Ill health retirement

When I first started to think about retiring due to ill health, I did what I always do, and googled it.  And very little came back.  There were lots of results about specific pension plans and how to apply for ill health retirement.  But that wasn’t what was looking for.  I wanted to know things like how much would I get from my pension, how would interact with benefits, and perhaps most importantly what on earth would I do and how would I cope.

Work doesn’t just provide for us financially, it gives us routine, a sense of purpose, routes towards achievement.  We have relationships at work, we have challenges and problems to solve and all of these are really good for us.

There’s lots of advice out there about transitioning into retirement, my employer even runs a course about it!  But it’s all aimed at people of retirement age and I was 28.  And ill.  My experience was inevitably going to be very different.

I don’t know anyone else who has retired at 28.  It felt like I was the only person going through this.  Obviously I wasn’t, but it felt like it.  And it was that feeling of isolation and feeling that I was taking a path no one else had trodden that motivated me to pull together some of my thoughts and experiences about this process.  Whilst it’s a path that very few people will take, I hope that my words will help that minority.

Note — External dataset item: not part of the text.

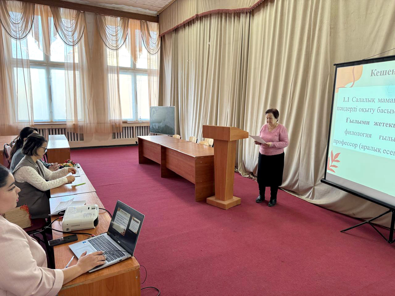 Представлено: ккомплексная тема «Салалық мамандықтар бойынша тілдік пәндерді оқыту басымдықтары». Научный руководитель Шканова Б.А., к.ф.н., профессор.

I shall be gradually posting about my experiences but if you have any questions, please ask (obviously I don’t know any details about pension plans etc, I’m really meaning questions about the emotional side of things).

Should I retire?

The decision to retire on ill health is not always an easy one.  Well, I don’t think it’s never an easy decision but in some circumstances it’s a much clearer path.  For example, if you’ve been off sick for a year or your health has suddenly changed, it may feel more clear cut.  If on the other hand, you have a degenerating illness like myself, it can be so hard to know where that line is.

For me, I finally admitted to myself that I could no longer do this over Christmas 2015.  I had had some time off and then went into work for a day.  By the end of that day I was completely and utterly exhausted.  I didn’t have the energy to sit up and I struggled to talk to my carer.  I don’t mean make polite conversation, I couldn’t even find the words to tell her what I wanted to eat.  Not that I had to mental space or energy to make that decision.  It was that day I realised the impact work was having on me.  Despite having had some time to rest and prepare for my day in work it had still destroyed me.

In terms of options, I guess the main question to ask yourself is is there a way of adapting my work circumstances which would then allow me to continue in my job.  This includes things like access to work assessments if you’re in the UK, working from home, reducing your hours or changing your work hour pattern etc.  Your HR department or union representative should be able to advise on this.  If it’s feasible, you could try taking sick leave and seeing if having a period of rest helps your health.

If the decision to retire is not a clear-cut one, then I would recommend getting an estimate for your pension because this might sway you one way or another.  Financial insecurity was one of my motivators for pushing myself to keep working.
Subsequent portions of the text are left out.